§ **Data block**:
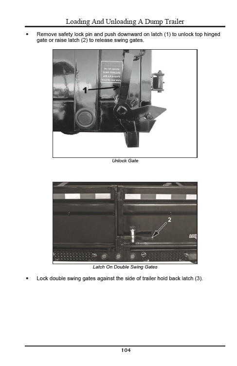Lock double swing gates against the side of trailer hold back latch (3).
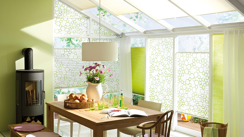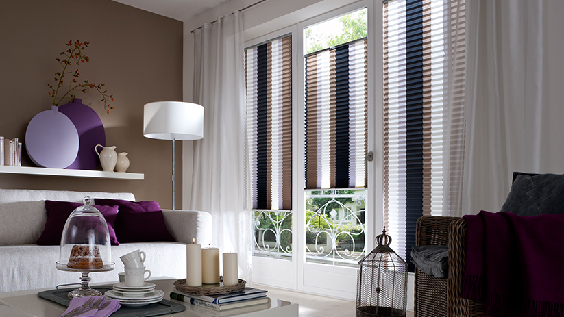 Die Wabenstruktur der DUETTE® Faltstores bildet am Fenster ein elegantes, gleichmäßiges Bild. Weil Zugschnüre und Spanndrähte verdeckt innerhalb der Waben laufen, werden die unerwünschten Lichtschlitze vermieden. Die Luftpolster innerhalb des Plissees sorgen für einen wohltuenden Temperaturausgleich. DUETTE® ist geeignet für alle Fensterformen und für viele Dachfenster, unter anderem für alle Veluxtypen.
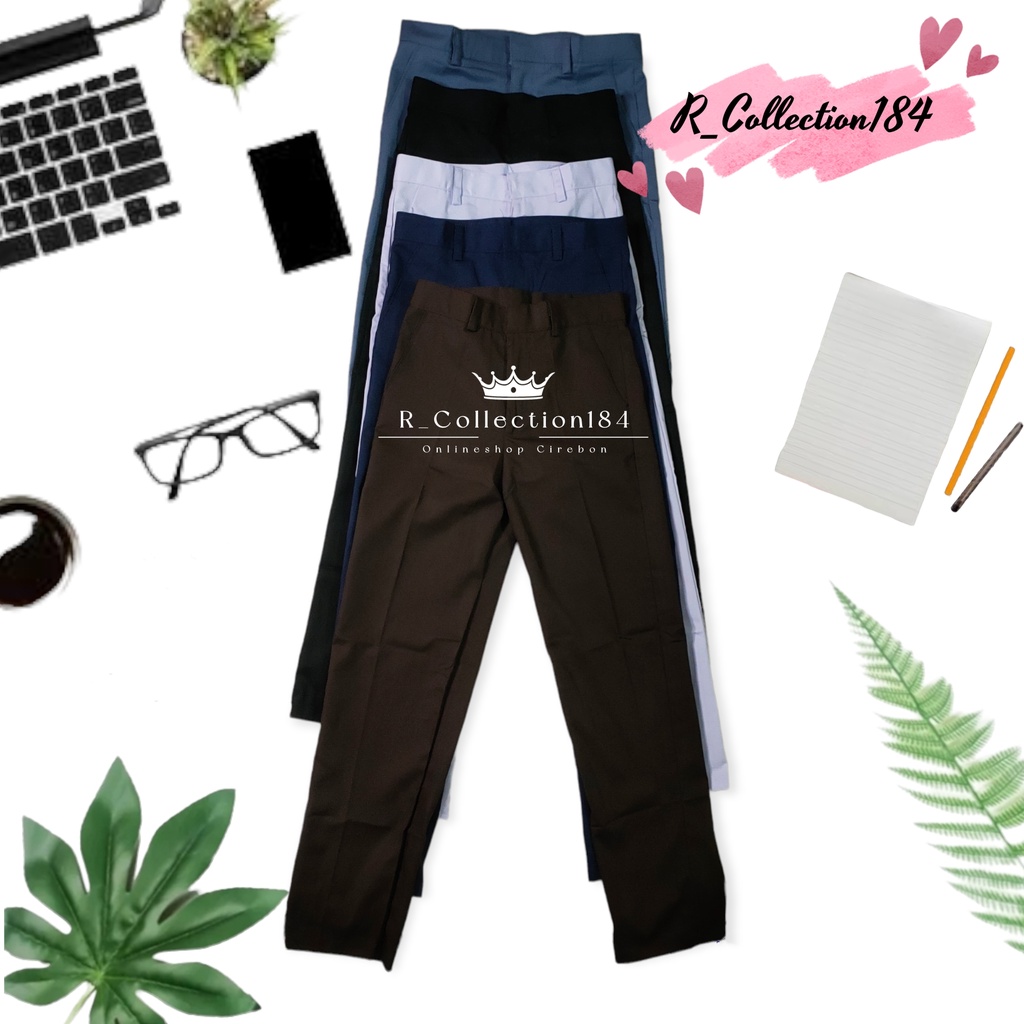 - Bahan / Kain Drill (Tebal) - Celana Panjang Reselting Depan - Saku Samping Kanan Kiri - Saku Kantong Tutup Belakang - NON KARET (Tanpa Karet) - Model Formal - Tidak Luntur
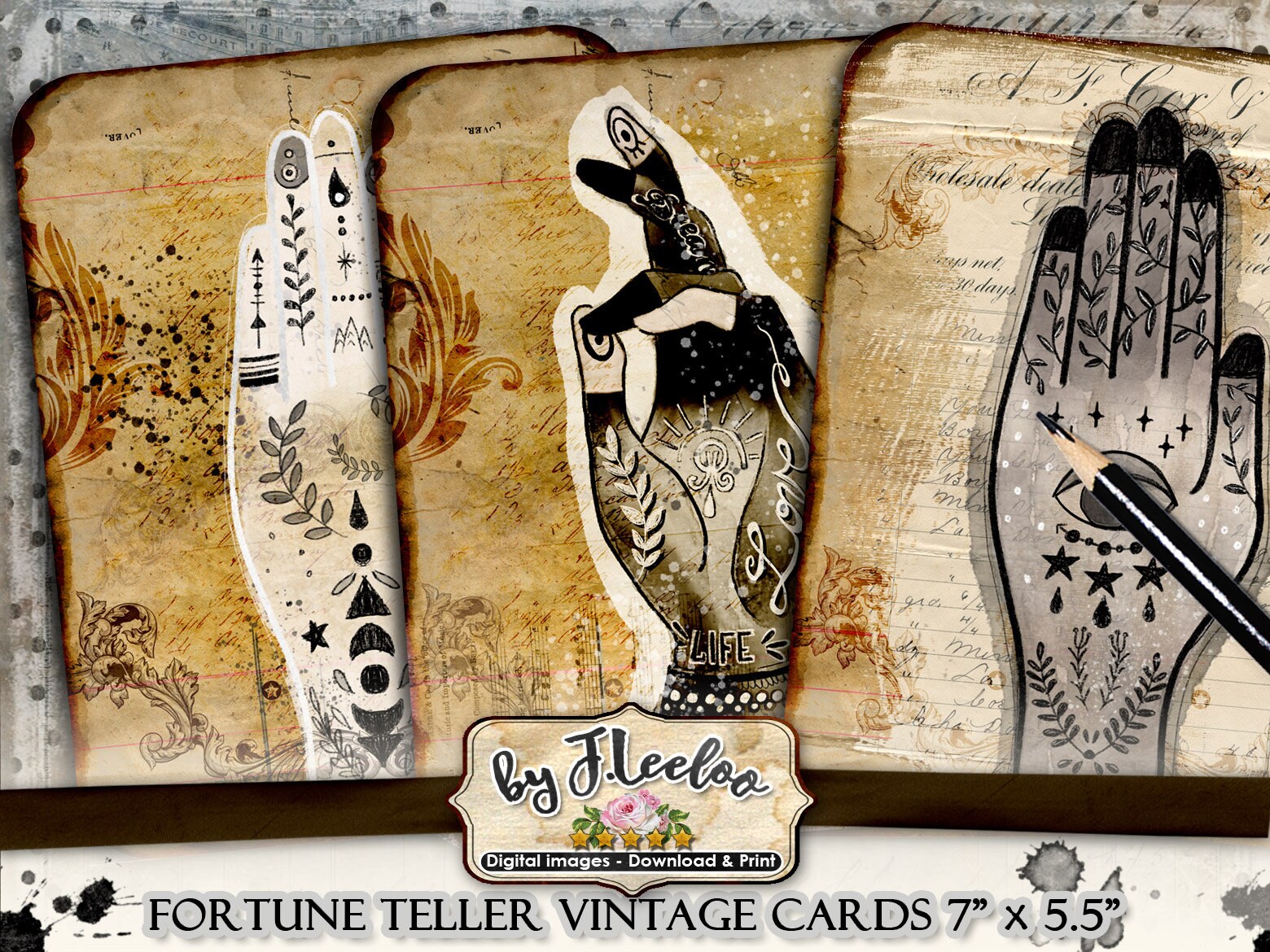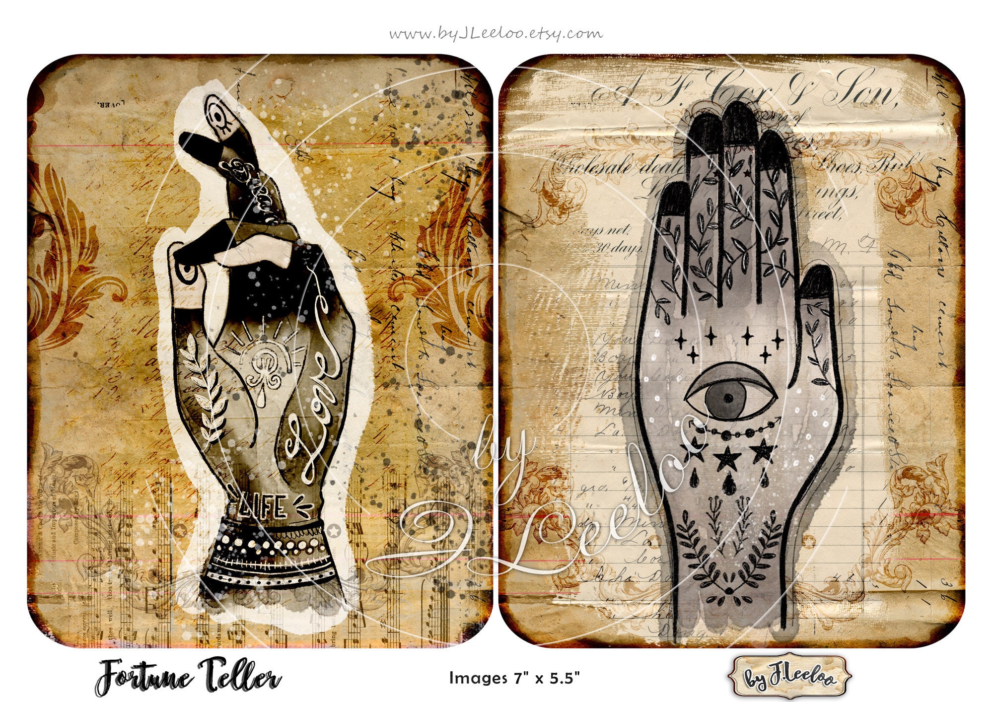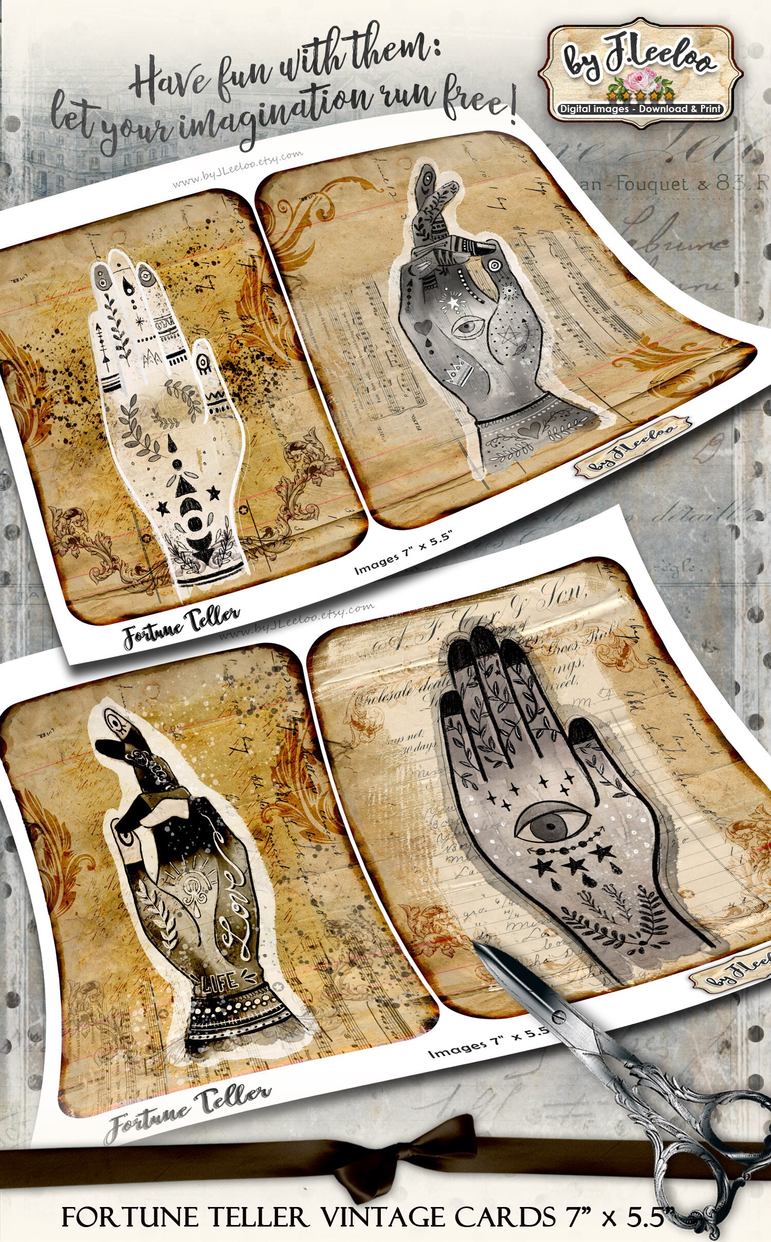 Foglio di collage digitale disegnato a mano da FORTUNE TELLER - Carte digitali steampunk scure e gotiche: immagini per il tuo diario, opere d'arte, cartoline, cartellini, inviti, biglietti di auguri, annunci, album di ritagli, carte di supporto... tutto per il tuo progetto di creazione!

§ **What is needed**: The lines from the one containing "- Bahan / Kain" up to and including the last line of the material above are to be given again exactly; any pictures are dropped.

§ **Response to the task**:
 - Bahan / Kain Drill (Tebal) - Celana Panjang Reselting Depan - Saku Samping Kanan Kiri - Saku Kantong Tutup Belakang - NON KARET (Tanpa Karet) - Model Formal - Tidak Luntur
 Foglio di collage digitale disegnato a mano da FORTUNE TELLER - Carte digitali steampunk scure e gotiche: immagini per il tuo diario, opere d'arte, cartoline, cartellini, inviti, biglietti di auguri, annunci, album di ritagli, carte di supporto... tutto per il tuo progetto di creazione!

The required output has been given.